Dalam paparannya, Ketua panitia Dr. Rahima Zakia, M.Pd. mengungkap fakta-fakta memprihatinkan di lapangan. Kelompok rentan—perempuan, anak, disabilitas, dan kaum marginal—masih menjadi korban kekerasan fisik dan psikis. Mulai dari KDRT terhadap istri dan anak, kekerasan seksual di ruang publik, hingga penelantaran lansia dan disabilitas.

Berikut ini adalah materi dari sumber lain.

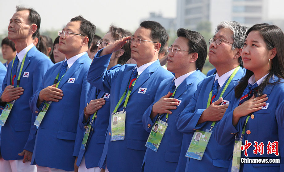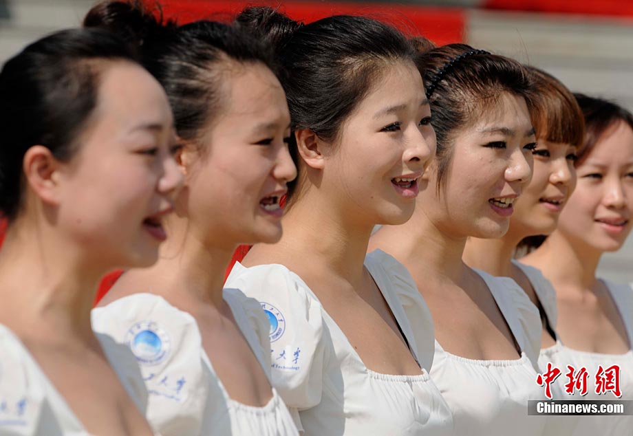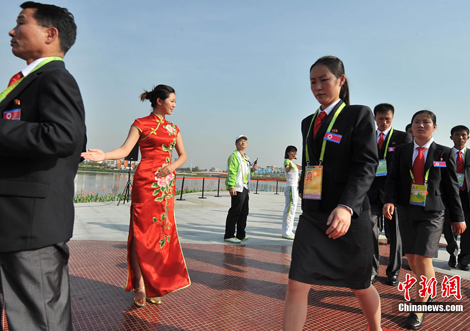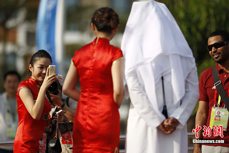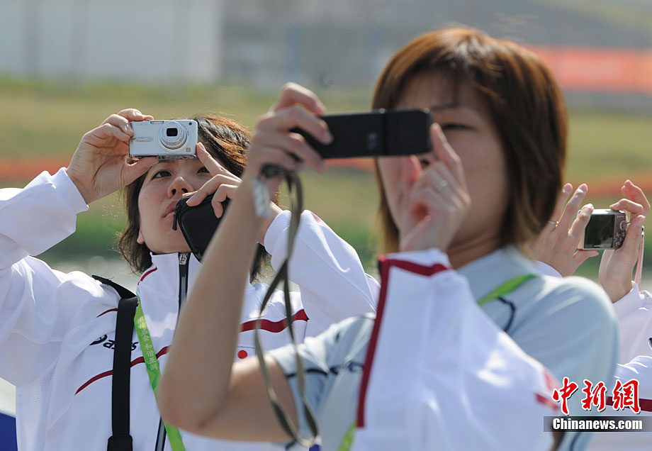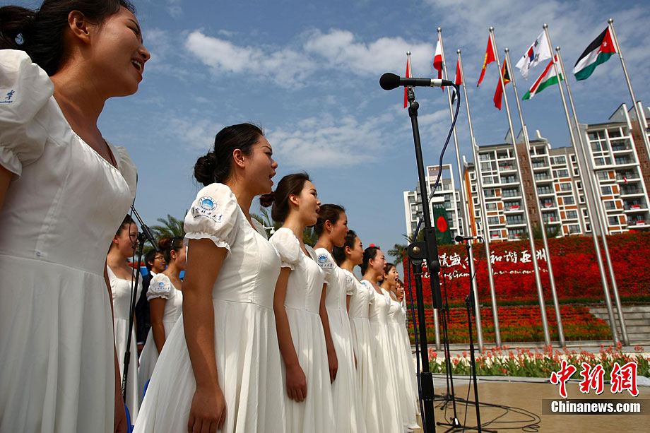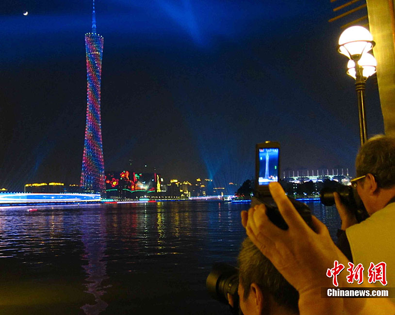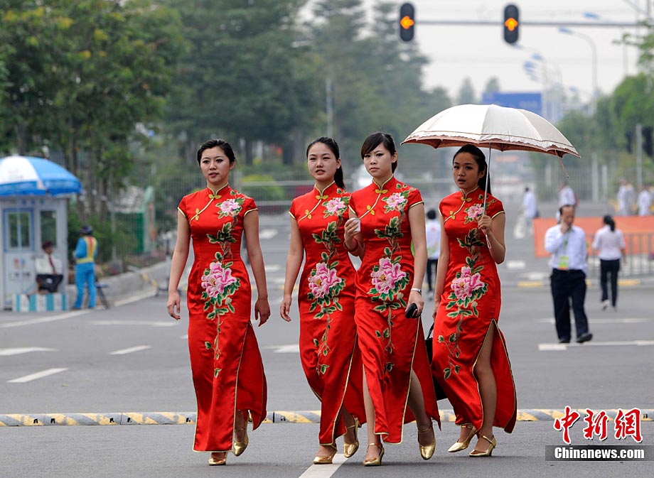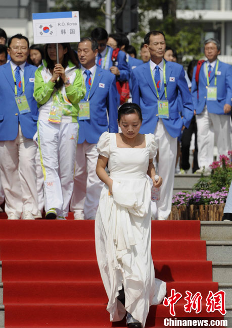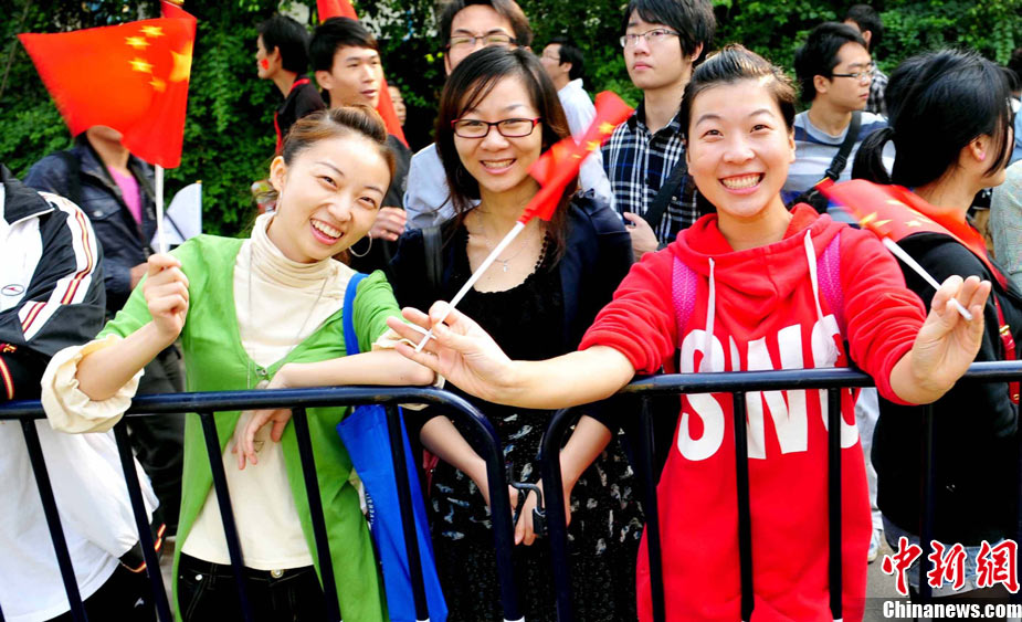 11月11日,著名影星章子怡在廣州大學城參加亞運火炬傳遞。中新社記者 陳文 攝

Tak hanya itu, diskriminasi akses keadilan juga masih menghantui. “Ketiadaan bantuan hukum gratis yang ramah bagi masyarakat miskin, dan minimnya fasilitas ramah disabilitas,” demikian tertulis dalam materi seminar.

Semakin hangat, Anggota DPD RI, Buya Jelita Donal, yang hadir sebagai pembicara, menyampaikan apresiasi setinggi-tingginya. “‘Aisyiyah Sumbar tampil sangat progresif, penuh semangat, dan bergerak cepat dalam menghadirkan kemanfaatan untuk umat,” pujinya.

Ia bahkan mengutip Surat Al Maidah ayat 32 yang menggetarkan:
“Barangsiapa yang membunuh satu jiwa, bukan karena jiwa yang lain, atau karena membuat kerusakan di muka bumi, maka seakan-akan dia telah membunuh manusia seluruhnya. Dan barangsiapa yang memelihara kehidupan seorang manusia, maka seolah-olah dia telah memelihara kehidupan manusia semuanya.”

Buya Jelita pun berjanji akan bersilaturahim ke seluruh PCA di Sumbar. “InsyaAllah,” ucapnya disambut tepuk tangan meriah.

Seminar ini tidak sekadar wacana. Ada tiga target konkret yang ingin dicapai: pertama: Membangun pemahaman kolaborasi hukum dan nilai kemanusiaan. Kedua, Merumuskan strategi perlindungan hukum bagi kelompok rentan. Ketiga, Memperkokoh peran dakwah dalam menciptakan perdamaian.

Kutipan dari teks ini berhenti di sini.